## Raw data
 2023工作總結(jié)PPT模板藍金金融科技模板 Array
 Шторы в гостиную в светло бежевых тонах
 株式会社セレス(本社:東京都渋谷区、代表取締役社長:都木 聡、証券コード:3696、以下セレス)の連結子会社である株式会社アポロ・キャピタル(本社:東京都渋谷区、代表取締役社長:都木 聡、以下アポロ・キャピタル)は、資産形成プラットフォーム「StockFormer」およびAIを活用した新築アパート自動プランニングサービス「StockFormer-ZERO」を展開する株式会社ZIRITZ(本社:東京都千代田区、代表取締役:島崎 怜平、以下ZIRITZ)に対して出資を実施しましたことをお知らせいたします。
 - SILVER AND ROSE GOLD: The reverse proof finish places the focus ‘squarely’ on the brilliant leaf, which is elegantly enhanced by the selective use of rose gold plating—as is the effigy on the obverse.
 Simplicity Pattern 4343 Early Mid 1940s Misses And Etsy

==

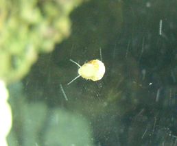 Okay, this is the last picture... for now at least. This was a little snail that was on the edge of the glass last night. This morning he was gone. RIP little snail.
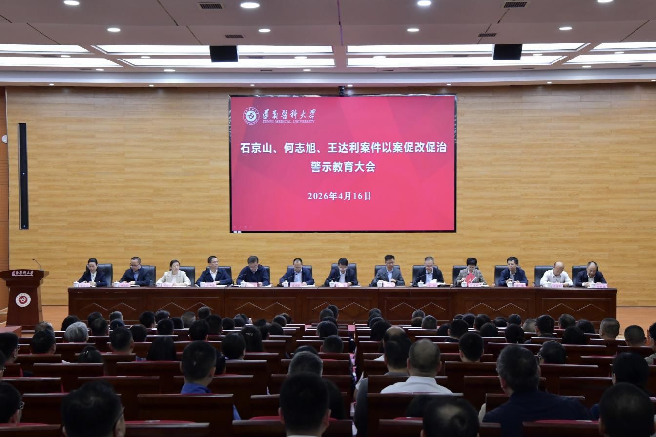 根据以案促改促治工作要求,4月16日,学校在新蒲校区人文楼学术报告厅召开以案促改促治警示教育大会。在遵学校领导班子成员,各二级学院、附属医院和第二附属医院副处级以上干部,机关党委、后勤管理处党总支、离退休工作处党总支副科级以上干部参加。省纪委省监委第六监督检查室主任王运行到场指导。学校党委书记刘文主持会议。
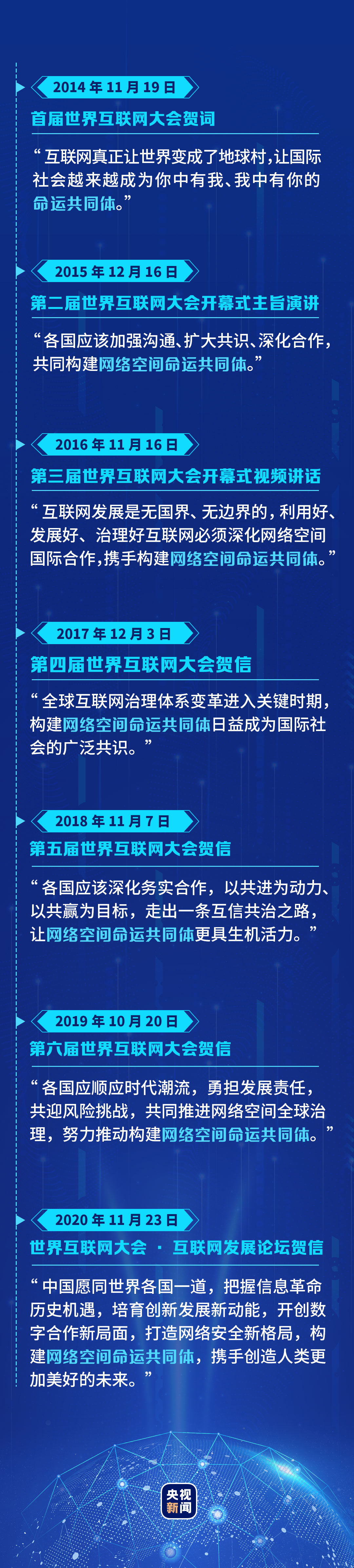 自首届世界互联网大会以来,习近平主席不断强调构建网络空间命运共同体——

---

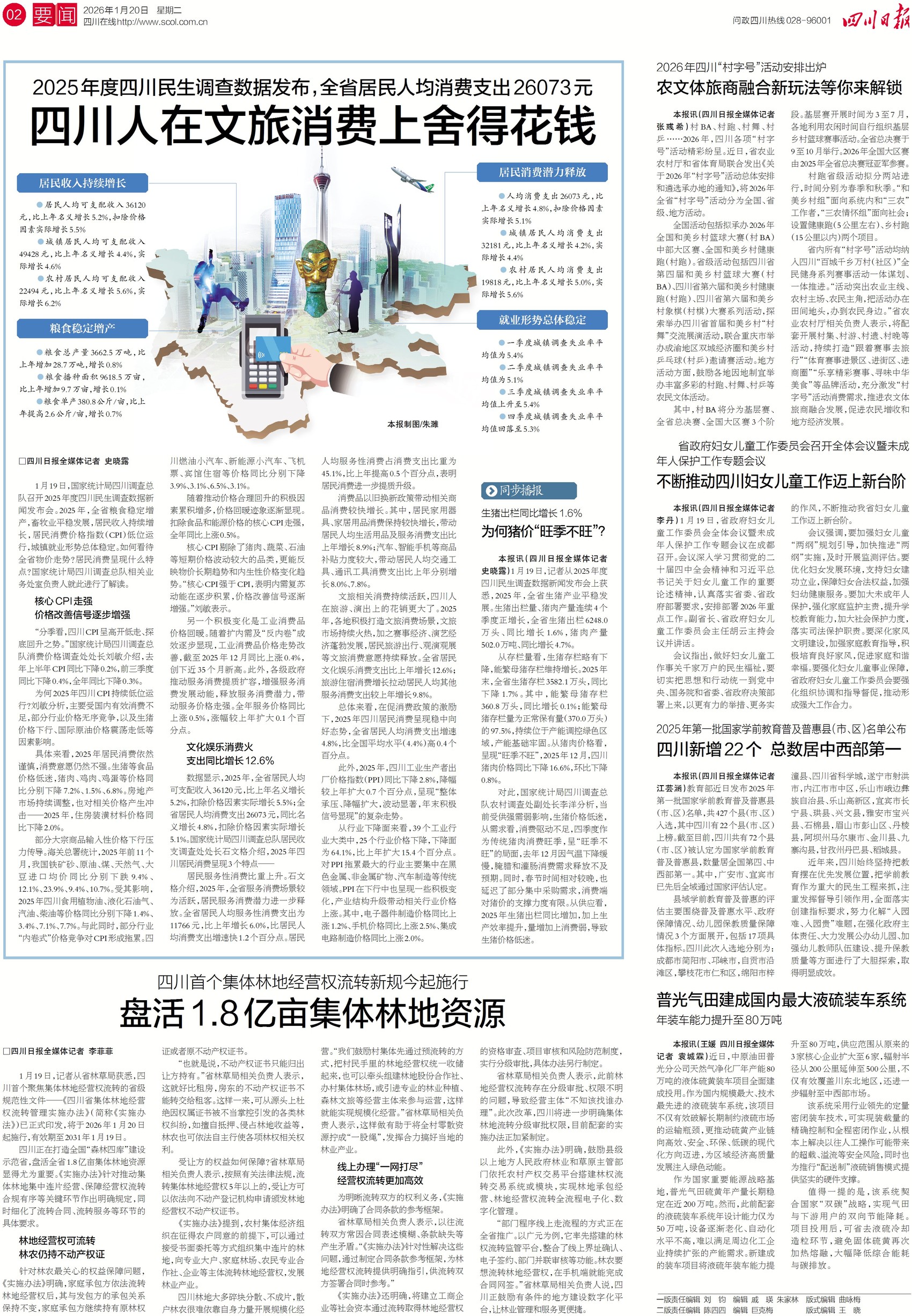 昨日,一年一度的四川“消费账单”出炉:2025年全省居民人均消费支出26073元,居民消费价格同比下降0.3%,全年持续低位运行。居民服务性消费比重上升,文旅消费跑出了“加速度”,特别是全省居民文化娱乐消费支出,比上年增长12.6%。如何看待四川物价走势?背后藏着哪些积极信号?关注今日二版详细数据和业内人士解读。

## Work to complete
Transcribe the listing above exactly, but only from the line with "根据以案促改促治工作要求,4" through the line with "自首届世界互联网大会以来,习近平主席不断强调构建网络空间命运共同体——". Include both of those lines and omit the pictures.

## Answer to this problem
 根据以案促改促治工作要求,4月16日,学校在新蒲校区人文楼学术报告厅召开以案促改促治警示教育大会。在遵学校领导班子成员,各二级学院、附属医院和第二附属医院副处级以上干部,机关党委、后勤管理处党总支、离退休工作处党总支副科级以上干部参加。省纪委省监委第六监督检查室主任王运行到场指导。学校党委书记刘文主持会议。
 自首届世界互联网大会以来,习近平主席不断强调构建网络空间命运共同体——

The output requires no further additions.